Незадолго до смерти отца я встретил свою любовь – свою жемчужную, первую любовь. Зарождение новых чувств – ощущение сродни путешествию. Ты обнаруживаешь, что сон давно исчерпал себя, и под молочного цвета луной можешь услышать, как громко стучит сердце; от твоего чуткого уха не утаить этот звук. Эти беспокойные ноты – импровизация, звучащая в унисон с той, которая стала зачинщиком случившегося сердечного бессилия. Волнующееся сердце пропиталось краской цвета киновари, разве оно бахвалилось таким величавым цветом когда-нибудь раньше? Мы ступаем пяткой на влажную землю, на которую раньше не ступали, и по ногам, по всему телу разливается сильнейшее желание бежать; исцарапаться незнакомым ароматом этой земли, этого воздуха, кинуться догонять влажный день – влажный от дыхания долгожданной новизны.
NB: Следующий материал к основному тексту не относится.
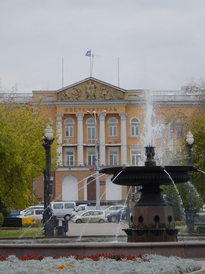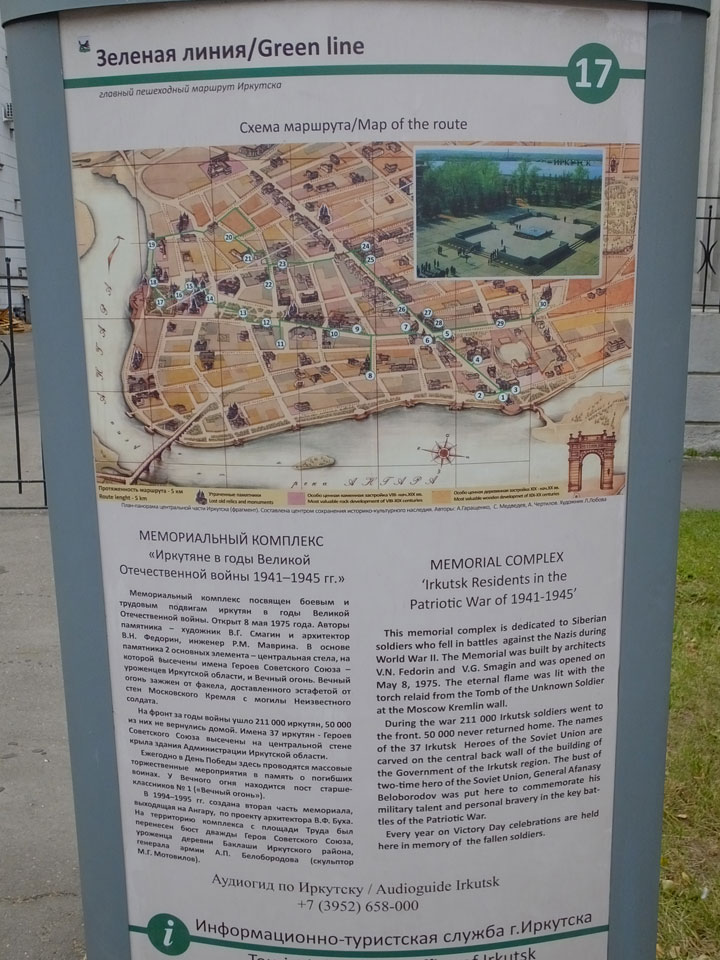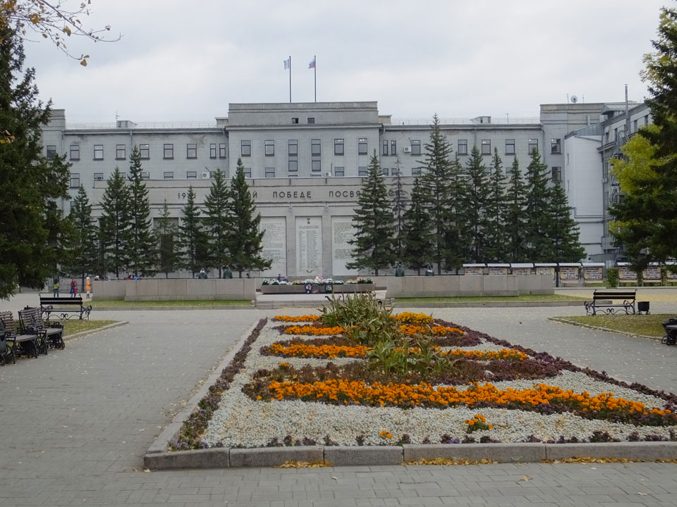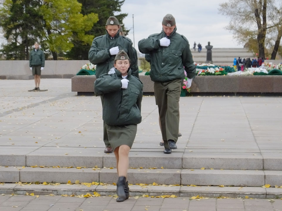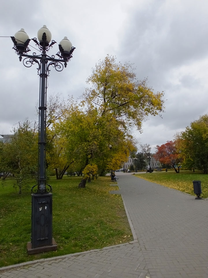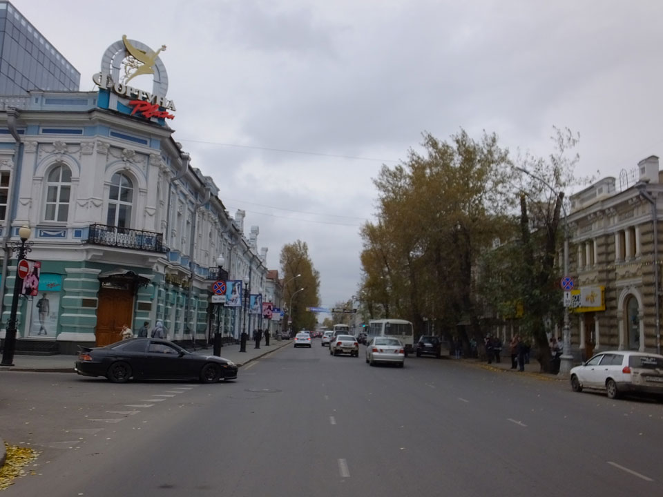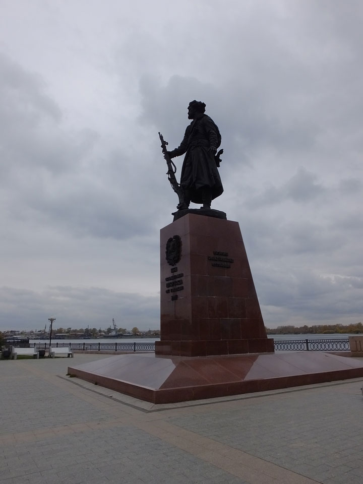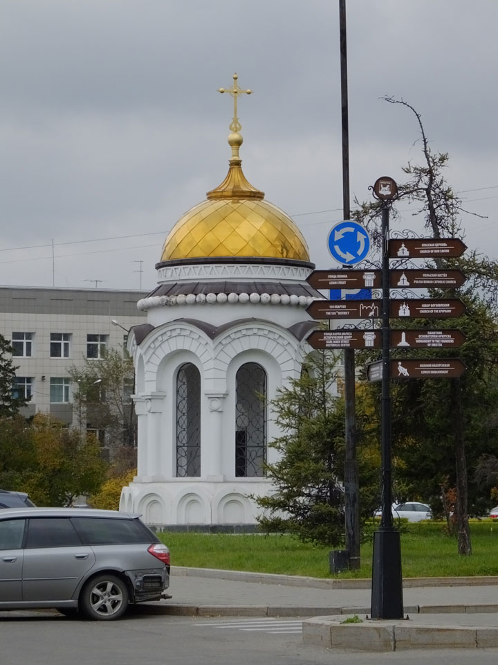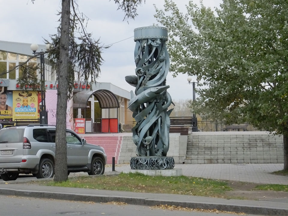 Nachmittags dann raus in’s heute graue Irkutsk. Gestern noch im T-Shirt in strahlender Sonne, heute bitterlich kalt. Ich stieg in Irkutsk umher, ging bis an den Fluss und sah so eine Art Mahnwach-Ablösung von jungen Mädels. Bedeckter Himmel und Herbstwetter machten den Stadtrundgang nicht gerade zum Vergnügen. Bei dem Wetter hatte ich auch keine Lust runter zum See zu fahren. Dauert eben auch komplett 2-3 Stunden.
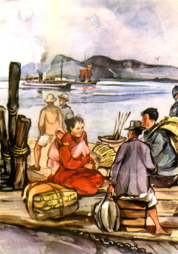 Chinesische Reisende auf einem Anleger Auf dem Anleger am Ostfluß hocken bereits ein Dutzend Landleute, die ihre Erzeugnisse in Bambuskörben auf den nächsten Markt bringen wollen. Von Tom, dem einzigen Weißen hier, nehmen sie kaum Notiz. "Das Dampfboot wird schon voller Menschen sein", sagt Wang. "Sobald es anlegt, müssen wir hinaufspringen, sonst kriegen wir keinen Platz!" |

Когда в нас зарождаются романтические чувства – мы ввязываем сердце в путешествие, подобное всем тем, что случаются с нами без малейшего шанса на возвращение домой. Но есть главное отличие, которое раскрывает смысл этих изобличающих друг друга авантюр. Мы путешествуем – когда хотим убежать от себя, которого знаем; а любим – чтоб найти себя, которого хотели бы знать.
Любовь – не имеет сравнений и не имеет границ. Любовь – единственный сад, который не просит, чтоб его поливали; он расцветал тогда, когда я нуждался в цветах. Любовь – единственный сад, который цвёл только для нас.
Позже я спрашивал тебя, в немногочисленных письмах, отправляя их голубиной почтой, – поливаешь ли ты наши ели? Я их оставил тебе, чтоб их едкая, кислотная зелень напоминала о том, как нам до оскомин рябило в глазах от красоты наших губ, локтей, коленей, ключиц.
–Да, поливаю! – кричала бы ты в ухо почтовым голубям. Если бы они находили твой адрес, если бы согласились его искать.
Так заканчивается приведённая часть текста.